Using Flux.jl, I would like to build Feed-Forward Neural Network, but with shortcut connections like those found in ResNet. What would be the best way to do this?

I know that something like `Chain(Dense(10, 5, relu), Dense(5, 4, relu), Dense(4, 2, relu))`

would give me feed-forward NN, but how can I incorporate shortcut connections into that?

# Best way to implement shortcut connections for feed-forward neural networks in Flux.jl

**Azamat**#1

**vvjn**#2

I’m more familiar with Knet but I’ll give this a shot. If you look at the docs (http://fluxml.ai/Flux.jl/stable/models/basics.html), you will see that you can define your own prediction and loss functions like so

```
W = param(rand(2, 5))
b = param(rand(2))
predict(x) = W*x .+ b
loss(x, y) = sum((predict(x) .- y).^2)
```

You can use `vcat`

in Knet and it looks like you can use it in Flux too. Note that I have not verified whether the gradients are correct when using `vcat`

in Flux.

```
W1 = param(rand(2, 5))
b1 = param(rand(2))
W2 = param(rand(2, 7))
b2 = param(rand(2))
predict(x) = W2 * vcat(W1*x .+ b1, x) .+ b2
loss(x, y) = sum((predict(x) .- y).^2)
x, y = rand(5), rand(2)
l = loss(x,y)
Flux.back!(l)
W1.grad
b1.grad
W2.grad
b2.grad
```

You can think of a layer like `layer1 = Dense(5,2,σ)`

and `layer2 = Dense(7,2,σ)`

as functions and define predict similarly using `vcat`

:

```
predict(x) = layer2(vcat(layer1(x), x))
```

**Evizero**#3

I feel like there are two partial questions here. One is about hooking into this `Chain`

, `Dense`

syntax, and the other is about resnet skip connections

I am going to naively sketch two types of skip connections, which I will call `IdentitySkip`

and `CatSkip`

. The first is based on the later resnet variation sometimes referred to as the pre-activation version (see https://arxiv.org/abs/1603.05027). The later is the based on concatenation, similar how Dense Conv Nets do it (https://arxiv.org/abs/1608.06993) and @vvjn sketched. My examples use simple feature matrices instead of higher dimensional arrays, but I hope you get the idea.

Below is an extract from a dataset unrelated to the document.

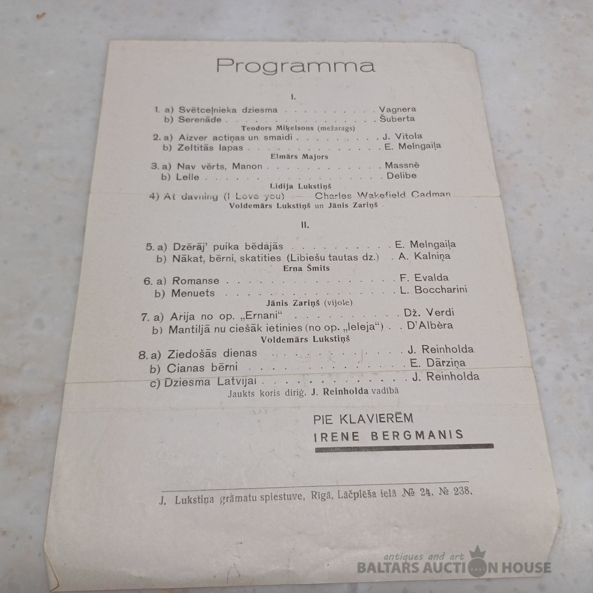 91. MĀKSLAS DARBU IZSOLE NO 6. FEBRUĀRA - 10. FEBRUĀRIM 06.02.2026 90. MĀKSLAS DARBU IZSOLE NO 9. JANVĀRA - 13. JANVĀRIM 09.01.2026 89. MĀKSLAS DARBU IZSOLE NO 21. NOVEMBRA - 25. NOVEMBRIM 21.11.2025 88. MĀKSLAS DARBU IZSOLE NO 24. OKTOBRA - 28. OKTOBRIM 24.10.2025 87. MĀKSLAS DARBU IZSOLE NO 26. SEPTEMBRA - 30. SEPTEMBRIM 26.09.2025 86. MĀKSLAS DARBU IZSOLE NO 22. AUGUSTA - 26. AUGUSTAM 22.08.2025 85. MĀKSLAS DARBU IZSOLE NO 18. JŪLIJA - 22. JŪLIJAM 18.07.2025 84. MĀKSLAS DARBU IZSOLE NO 13. JŪNIJA - 17. JŪNIJAM 13.06.2025 83. MĀKSLAS DARBU IZSOLE NO 9. MAIJA - 13. MAIJAM 09.05.2025 82. MĀKSLAS DARBU IZSOLE NO 4. APRĪĻA - 8. APRĪLIM 04.04.2025 81. MĀKSLAS DARBU IZSOLE NO 14. MARTA - 18. MARTAM 14.03.2025 57. MĀKSLAS DARBU IZSOLE NO 7. FEBRUĀRA - 11. FEBRUĀRIM 07.02.2025 56. MĀKSLAS DARBU IZSOLE NO 10. JANVĀRA - 14. JANVĀRIM 10.01.2025 78. MĀKSLAS DARBU IZSOLE NO 15.NOVEMBRA LĪDZ 19.NOVEMBRIM 15.11.2024 77. MĀKSLAS DARBU IZSOLE NO 27.SEPTEMBRA LĪDZ 1.OKTOBRIM 27.09.2024 76. MĀKSLAS DARBU IZSOLE NO 23. AUGUSTA LĪDZ 27. AUGUSTAM 23.08.2024 75. MĀKSLAS DARBU IZSOLE NO 5. JŪLIJA LĪDZ 9. JŪLIJAM 05.07.2024 74. MĀKSLAS DARBU IZSOLE NO 24. MAIJA LĪDZ 28. MAIJAM 24.05.2024 73. MĀKSLAS DARBU IZSOLE NO 26. APRĪĻA LĪDZ 30. APRĪLIM 26.04.2024 72. MĀKSLAS DARBU IZSOLE NO 8. MARTA LĪDZ 12. MARTAM 08.03.2024 71. MĀKSLAS DARBU IZSOLE NO 9. FEBRUĀRA - 13. FEBRUĀRIM 09.02.2024 70. MĀKSLAS DARBU IZSOLE NO 5. JANVĀRA - 9. JANVĀRIM 05.01.2024 69. MĀKSLAS DARBU IZSOLE NO 8. DECEMBRA - 12. DECEMBRIM. 08.12.2023 68. MĀKSLAS DARBU IZSOLE NO 3.NOVEMBRA - 7. NOVEMBRIM 03.11.2023 67. MĀKSLAS DARBU IZSOLE NO 6 OKTOBRA - 10. OKTOBRIM 06.10.2023 66. MĀKSLAS DARBU IZSOLE NO 8 SEPTEMBRA - 12. SEPTEMBRIM 08.09.2023 66. MĀKSLAS DARBU IZSOLE NO 11. AUGUSTA - 15. AUGUSTAM 11.08.2023 65. MĀKSLAS DARBU IZSOLE NO 7. JŪLIJA - 11. JŪLIJAM 07.07.2023 64. MĀKSLAS DARBU IZSOLE NO 26. MAIJA - 30. MAIJAM 26.05.2023 63. MĀKSLAS DARBU IZSOLE NO 21. APRĪĻA - 25. APRĪLIM 21.04.2023 62. MĀKSLAS DARBU IZSOLE NO 17. MARTA - 21. MARTAM 17.03.2023 61. MĀKSLAS DARBU IZSOLE NO 27. JANVĀRA - 31. JANVĀRIM 27.01.2023 60. MĀKSLAS DARBU IZSOLE NO 9. DECEMBRA - 13. DECEMBRIM 09.12.2022 59. MĀKSLAS DARBU IZSOLE NO 4. NOVEMBRA - 8. NOVEMBRIM 04.11.2022 58. MĀKSLAS DARBU IZSOLE NO 7. OKTOBRA - 11. OKTOBRIM 07.10.2022 57. MĀKSLAS DARBU IZSOLE NO 9. SEPTEMBRA - 13. SEPTEMBRIM 09.09.2022 56. MĀKSLAS DARBU IZSOLE NO 15. AUGUSTA - 21. AUGUSTAM 15.08.2022 55. MĀKSLAS DARBU IZSOLE NO 8. JŪLIJA - 12. JŪLIJAM 08.07.2022 54. MĀKSLAS DARBU IZSOLE NO 3. JŪNIJA - 7. JŪNIJAM 03.06.2022 53. MĀKSLAS DARBU IZSOLE NO 6. MAIJA - 10. MAIJAM 06.05.2022 52. MĀKSLAS DARBU IZSOLE NO 8. APRĪĻA - 12. APRĪLIM 08.04.2022 51. MĀKSLAS DARBU IZSOLE NO 4. MARTA - 8. MARTAM 04.03.2022 50. MĀKSLAS DARBU IZSOLE NO 4. FEBRUĀRA - 8. FEBRUĀRIM 04.02.2022 49. MĀKSLAS DARBU IZSOLE NO 7. JANVĀRA - 11. JANVĀRIM 07.01.2022 48. MĀKSLAS DARBU IZSOLE NO 26. NOVEMBRA - 30. NOVEMBRIM 26.11.2021 47. MĀKSLAS DARBU IZSOLE NO 22. OKTOBRA - 27. OKTOBRIM 22.10.2021 46. MĀKSLAS DARBU IZSOLE NO 24. SEPTEMBRA - 29. SEPTEMBRIM 24.09.2021 45. MĀKSLAS DARBU IZSOLE NO 20. AUGUSTA - 24. AUGUSTAM 20.08.2021 44. MĀKSLAS DARBU IZSOLE NO 23. JŪLIJA - 27. JŪLIJAM 23.07.2021 1. MĀKSLAS DARBU IZSOLE NO 22. JŪNIJA - 30. JŪNIJAM 22.06.2021 42. MĀKSLAS DARBU IZSOLE NO 4. JŪNIJA - 28. JŪNIJAM 04.06.2021 41. MĀKSLAS DARBU IZSOLE NO 21. MAIJA - 25. MAIJAM 21.05.2021 40. MĀKSLAS DARBU IZSOLE NO 8. MAIJA - 12. MAIJAM 08.05.2021 39. MĀKSLAS DARBU IZSOLE NO 23. APRĪĻA - 27. APRĪLIM 23.04.2021 38. MĀKSLAS DARBU IZSOLE NO 9. APRĪĻA - 13. APRĪLIM 09.04.2021 37. MĀKSLAS DARBU IZSOLE NO 26. MARTA - 30. MARTAM 26.03.2021 36. MĀKSLAS DARBU IZSOLE NO 13. MARTA - 17. MARTAM_ 2021 13.03.2021 35. MĀKSLAS DARBU IZSOLE NO 28. FEBRUĀRA - 3. MARTAM_ 2021. 26.02.2021 34. MĀKSLAS DARBU IZSOLE NO 22. JANVĀRA - 26. JANVĀRIM_ 2021. 22.01.2021 Atkārtota Izsole 02.12.2020 33. MĀKSLAS DARBU IZSOLE NO 24. NOVEMBRA - 1. DECEMBRIM 27.11.2020 32. MĀKSLAS DARBU IZSOLE NO 30. OKTOBRA - 3. NOVEMBRIM 30.10.2020 31. MĀKSLAS DARBU IZSOLE NO 25. SEPTEMBRA - 29. SEPTEMBRIM 25.09.2020 29. MĀKSLAS DARBU IZSOLE NO 24. jūlijs - 28. jūlijs. 24.07.2020 29. MĀKSLAS DARBU IZSOLE NO 12. jūnija - 16. jūnijam. 12.06.2020 28. MĀKSLAS DARBU IZSOLE NO 22. maija - 26. maijam. 22.05.2020 27. MĀKSLAS DARBU IZSOLE NO 24. APRĪĻA LĪDZ 28. APRĪLIM 24.04.2020 26. MĀKSLAS DARBU IZSOLE NO 20. MARTA LĪDZ 24. MARTAM 20.03.2020 25. MĀKSLAS DARBU IZSOLE NO 21. FEBRUĀRA LĪDZ 25. FEBRUĀRIM 21.02.2020 24. MĀKSLAS DARBU IZSOLE NO 24. JANVĀRA LĪDZ 28. JANVĀRIM 24.01.2020 23. MĀKSLAS DARBU IZSOLE NO 13. DECEMBRA LĪDZ 17. DECEMBRIM 13.12.2019 22. MĀKSLAS DARBU IZSOLE NO 22. NOVEMBRA LĪDZ 26. NOVEMBRIM 22.11.2019 21. MĀKSLAS DARBU IZSOLE NO 25. OKTOBRA LĪDZ 29. OKTOBRIM 25.10.2019 20.MĀKSLAS DARBU IZSOLE NO 20. SEPTEMBRA LĪDZ 24. SEPTEMBRIM 20.09.2019 19.MĀKSLAS DARBU IZSOLE NO 23. AUGUSTA LĪDZ 27. AUGUSTAM. 23.08.2019 18.MĀKSLAS DARBU IZSOLE NO 26. JŪLIJA LĪDZ 30. JŪLIJAM 26.07.2019 17.MĀKSLAS DARBU IZSOLE NO 14. JŪNIJA LĪDZ 18. JŪNIJAM 14.06.2019 16.MĀKSLAS DARBU IZSOLE NO 24.MAIJA LĪDZ 28.MAIJAM. 24.05.2019 15. MĀKSLAS DARBU IZSOLES NO 17. MAIJA - 21. MAIJAM 17.05.2019 14. MĀKSLAS DARBU IZSOLES NO 26.APRĪĻA - 30.APRĪLIM 26.04.2019 PASTKARŠU IZSOLE NO 08. APRĪĻA LĪDZ 09. APRĪLIM. 08.04.2019 13. MĀKSLAS DARBU IZSOLES ATKĀRTOJUMS 29. MARTĀ 29.03.2019 13. MĀKSLAS DARBU IZSOLE NO 22. MARTA LĪDZ 26.MARTAM. 22.03.2019 12. MĀKSLAS DARBU IZSOLE NO 22.FEBRUĀRIS LĪDZ 26. FEBRUĀRIM. 22.02.2019 11. MĀKSLAS DARBU IZSOLE NO 25. JANVĀRA LĪDZ 29. JANVĀRIM 25.01.2019 10. MĀKSLAS DARBU IZSOLE NO 14. DECEMBRA LĪDZ 18. DECEMBRIM 14.12.2018 9. MĀKSLAS DARBU IZSOLE NO 25. NOVEMBRA LĪDZ 27. NOVEMBRA 25.11.2018 8. MĀKSLAS DARBU IZSOLE NO 23. NOVEMBRA LĪDZ 24. NOVEMBRIM 23.11.2018 7.MĀKSLAS DARBU IZSOLE NO 28.OKTOBRA LĪDZ 30.O

(Note that I don’t use Flux much, so take this with a grain of salt. It seems to work though)

```
julia> using Flux
julia> struct IdentitySkip
inner
end
julia> struct CatSkip
inner
end
julia> (m::IdentitySkip)(x) = m.inner(x) .+ x
julia> (m::CatSkip)(x) = vcat(m.inner(x), x)
julia> m = Chain(Dense(2,3), IdentitySkip(Dense(3, 3)), Dense(3,4))
Chain(Dense(2, 3), IdentitySkip(Dense(3, 3)), Dense(3, 4))
julia> m(rand(2,5))
Tracked 4×5 Array{Float64,2}:
0.806883 -0.0375264 0.139005 0.441874 0.0202739
-0.447715 0.549833 0.349582 -0.0181219 0.0610884
-0.474843 0.299503 0.141969 -0.140966 0.0260037
-0.0398341 0.400103 0.314375 0.149121 0.0534565
```

**improbable22**#4

One step to add here is to tell Flux where to find the parameters inside these types:

```
julia> Flux.params(m) |> length
4
julia> Flux.treelike(IdentitySkip)
julia> Flux.params(m) |> length
6
```

**osofr**#5

@Evizero, the `IdentitySkip`

will work for skipping the most recent transformation, k=1. Do you think it might be possible to modify this struct to allow skipping for some k layers past, where k>1?

**Evizero**#6

There shouldn’t be anything special about just having one inner operation. Without testing it myself, I am guessing it should probably just work fine if you write `IdentitySkip(Chain(Dense(3,3),Dense(3,3)))`

. Alternatively, add more member variables or replace it with a vector/tuple of inner operations.